The president was grinning widely and through the glass his amplified words told them, “Neil, Buzz, and Mike, I want you to know that I think I’m the luckiest man in the world. I say this not only because I have the honor of being the president of the United States, but particularly because I have the privilege of speaking for so many in welcoming you back to Earth.… I could tell you about all the messages we have received in Washington,” he said, and he did! He told them about the more than one hundred from foreign governments and their leaders who wanted them to come and visit. He told them about the millions of well-wishers. He continued saying just how proud everyone in America was of them, and then President Nixon smiled even wider.

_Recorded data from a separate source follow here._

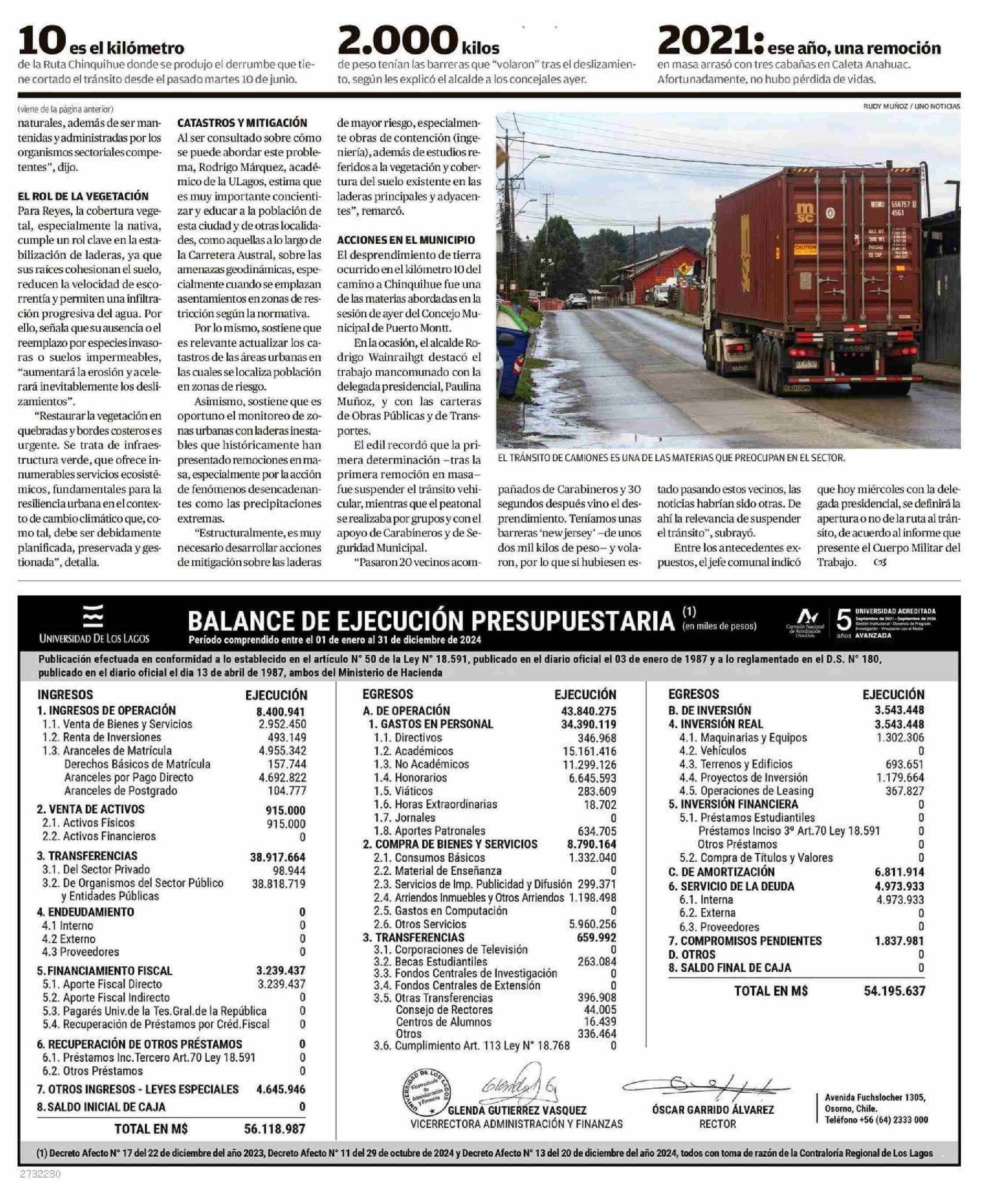 Suelo inestable, la lluvia y paso de remoción en masa en Chinquihue camiones: el cóctel que explica la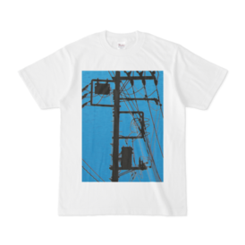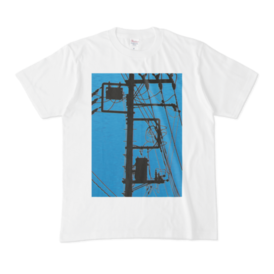 シンプルデザインTシャツ 電柱青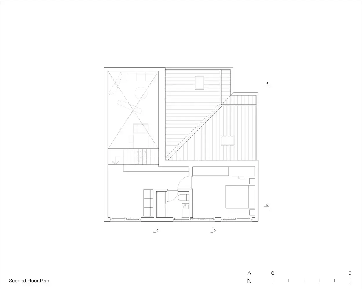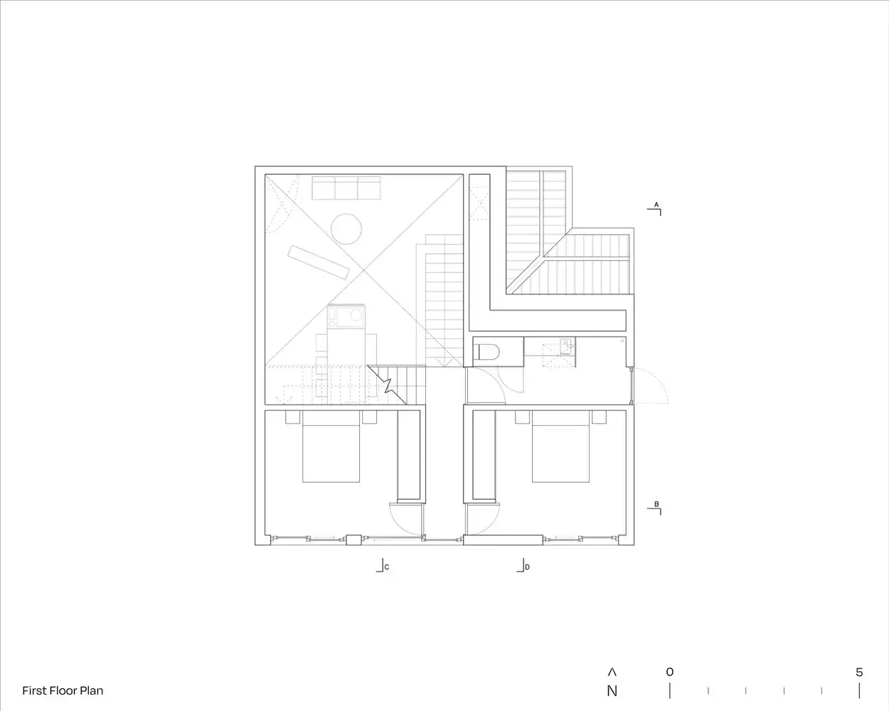 Wszystkie przestrzenie publiczne dzielą połowę domu na otwartej przestrzeni o pełnej wysokości. Intymne rozłożono natomiast na trzech poziomach drugiej połowy, wystarczająco dużych, aby pomieścić właścicieli i ich odwiedzających przyjaciół. Ponieważ projekt celebruje wspólne spędzanie czasu, długi stół wykonany z powalonego pnia modrzewia zajmuje prawie całą przestrzeń parteru, służąc jako stół jadalny i jednostka kuchenna. Z jednej strony podłogę obniżono o jeden stopień, aby zapewnić niezbędną wysokość do wygodnego gotowania, dzieląc jednocześnie tę samą powierzchnię z gośćmi. Dwie sypialnie główne znajdują się na pierwszym piętrze, jedna dla niej, a druga dla niego. Drzwi naprzeciwko siebie i wspólny korytarz zapewniają pewien stopień intymności między nimi bez zmiany ich niezależności. Na drugim piętrze pokój do nauki otwiera się na potrójną wysokość z góry.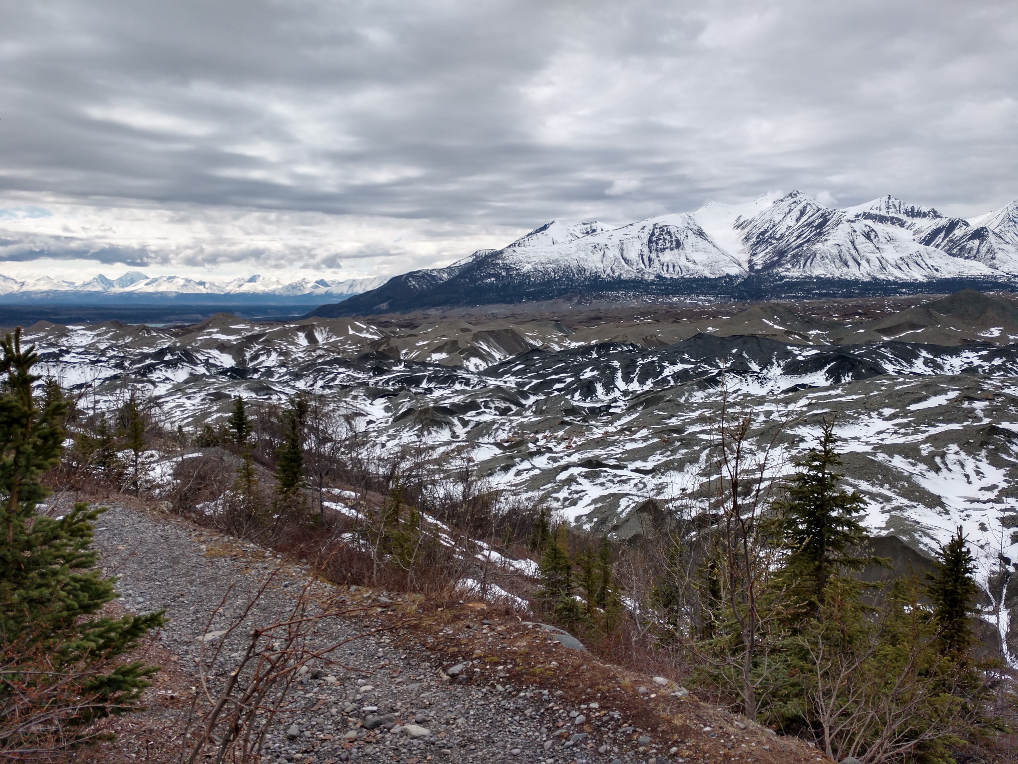 Views on the trail back from Root Glacier -- mountains and Kennecott Glacier.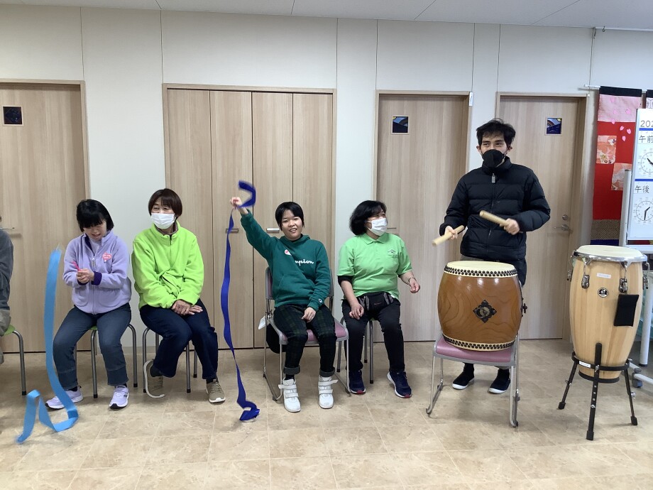 2026.02.19 その他 みんな大好き♡エンジョイムジカ♪ エンジョイムジカは人気のプログラムです(≧◇≦) 音楽が流れはじめると自然と身体が動きだします 今日は太鼓やリボンをつかってリズムをとり、みんなで一つになって楽しみました(^^♪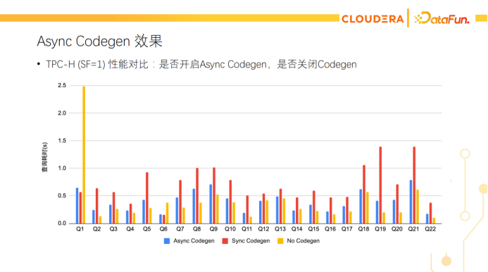 针对Codegen产生额外延迟的问题,我们也有工作在优化,其中一个工作就是异步Codegen。在查询执行时用异步的线程来做Codegen,查询先用解释型代码(即原始代码)来执行,等Codegen完成后,把对应的函数指针原子地替换为Codegen后的函数。这个优化对于小查询特别有用,它们可能在Codegen线程完成之前就执行完了,也就没有了等待Codegen带来的延迟。下面展示了TPC-H在scale factor为1时的性能测试。红色是原始的Codegen,黄色是关闭Codegen,正如前面所说,很多小查询关了Codegen跑得更快。蓝色是开启了异步Codegen的性能,很大程度上避免了Codegen带来的延迟。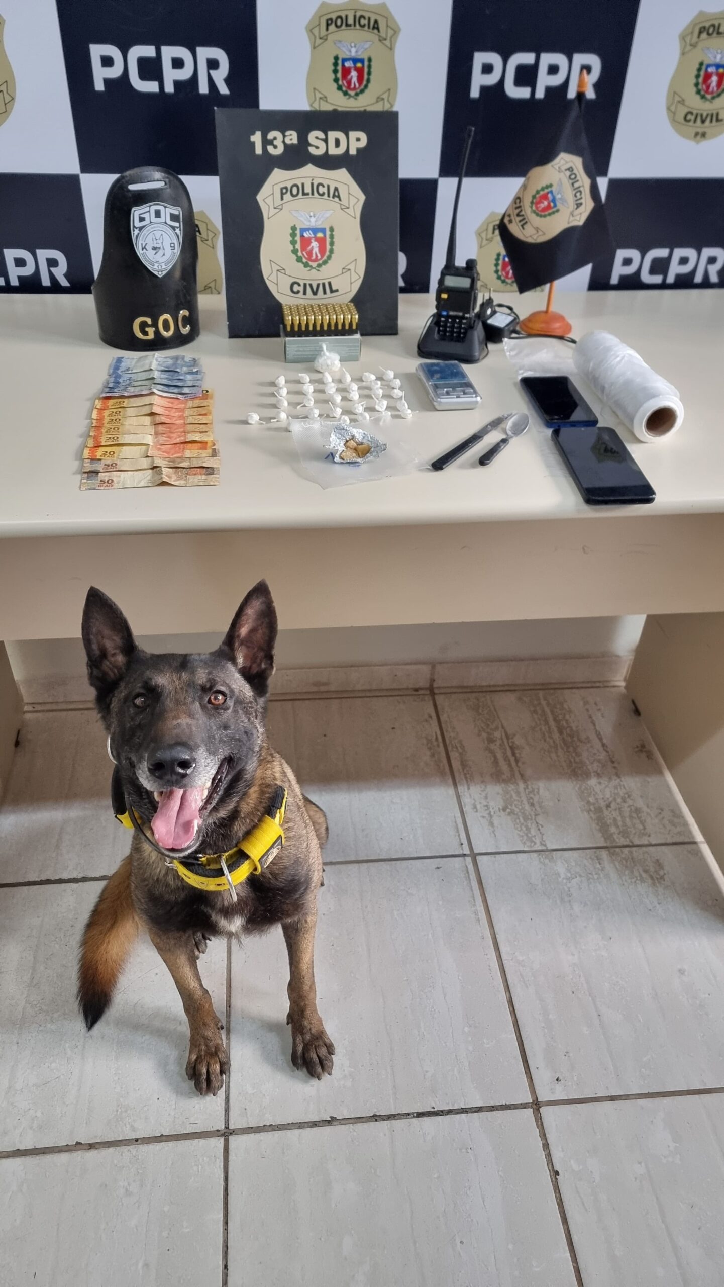 A ação foi coordenada pelo Setor Operacional da 13ª Subdivisão Policial (SDP), que cumpriu três mandados de busca e apreensão. Em uma das residências, o cão de faro Bolt, do GOC, localizou diversas buchas de cocaína já embaladas, além de uma porção maior da droga que ainda seria fracionada. No mesmo imóvel, os agentes encontraram uma caixa com 50 munições calibre 9mm.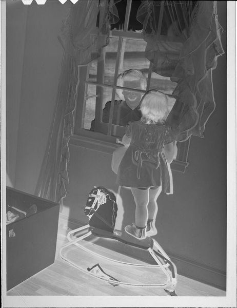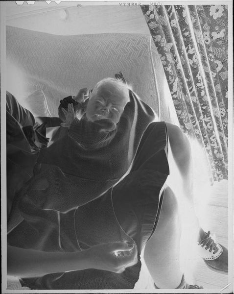 Editor: This photograph, simply titled "Untitled (woman with infant in lap)," by Lucian and Mary Brown, presents a rather stark image. The negative print gives it a ghostly effect. What social dynamics do you see at play here? Curator: It's interesting to consider how the Browns’ work engages with the politics of representation. The reversal transforms a familiar subject into something unsettling, forcing us to confront the cultural expectations we bring to images of motherhood. Editor: Unsettling, yes. It challenges my initial assumptions. How did this photographic style affect its reception? Curator: The negative image disrupts easy consumption; it makes us question the power dynamics inherent in the act of looking, and it highlights the constructed nature of photographic truth. The question remains, whose gaze are the Browns challenging, and what societal norms are they subverting? Editor: It’s fascinating how a simple reversal can provoke so many questions about power and perspective.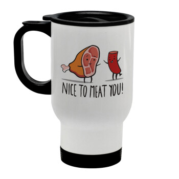Nice to MEAT you, Stainless steel travel mug with lid, double wall white 450ml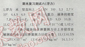 2017年高效精煉八年級下冊物理【蘇科版】期末復(fù)習(xí)測試六(浮力)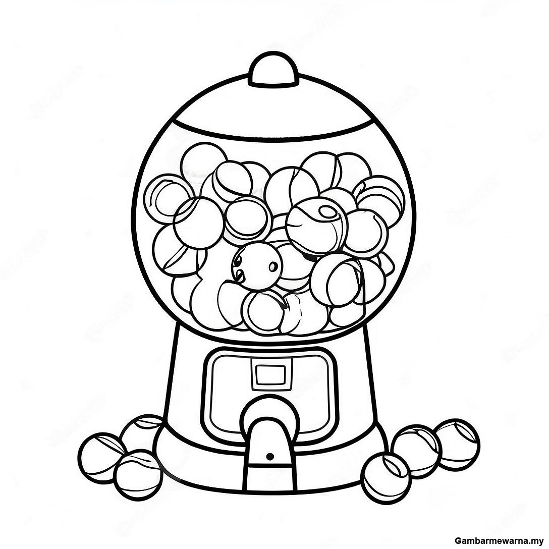 Muat turun PDF Boleh Cetak Halaman Mewarna Mesin Gumball Dengan Kanak-Kanak
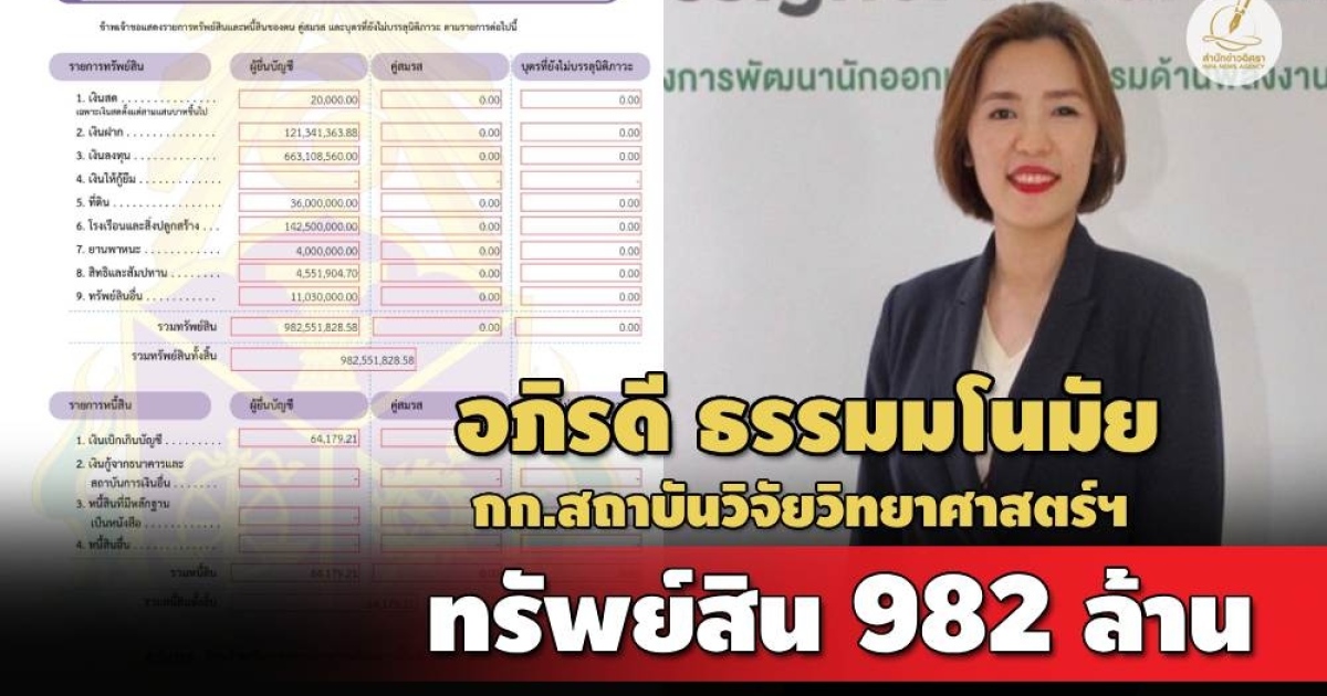 ป.ป.ช.เปิดทรัพย์สิน 'อภิรดี ธรรมมโนมัย' กรรมการสถาบันวิจัยวิทยาศาสตร์และเทคโนโลยีแห่งประเทศไทย มีทรัพย์สินกว่า 982 ล. เงินฝาก 121 ล. เงินลงทุน 663 ล.รายได้ 21 ล./ปี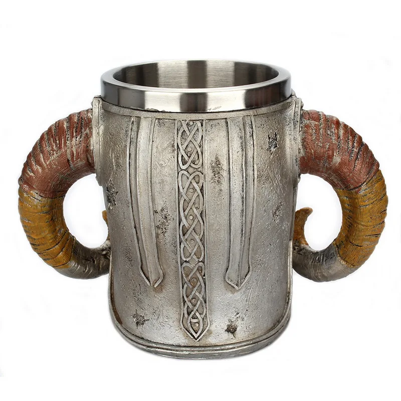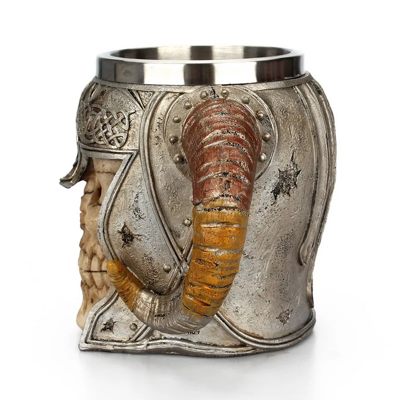 Пивная кружка в стиле ретро с рожками, из нержавеющей стали, с черепом рыцаря, для Хэллоуина, кофе, чая викингов, украшение для паба, бара

I called, in my view, three of the greatest ladies and most courageous ladies in the world today, your wives. And from Jan and Joan and Pat, I bring their love and their congratulations.… I made a date with them. I invited them to dinner on the thirteenth of August, right after you come out of quarantine. It will be a state dinner held in Los Angeles. The governors of all the fifty states will be there, the ambassadors, others from around the world and in America. And they told me that you would come, too. And all I want to know—will you come? We want to honor you then.

“We’ll do anything you say,” Neil told the president, following with a little banter. Then Mr. Nixon’s expression turned somber. “The eight days of
Apollo 11
,” he said with deep sincerity, “was the greatest week in the history of the world since the Creation.”

*   *   *

Moments later in the front yard of Neil and Janet’s home she thanked hundreds of friends, proud neighbors, and the media who had been there for most of Neil’s historic flight.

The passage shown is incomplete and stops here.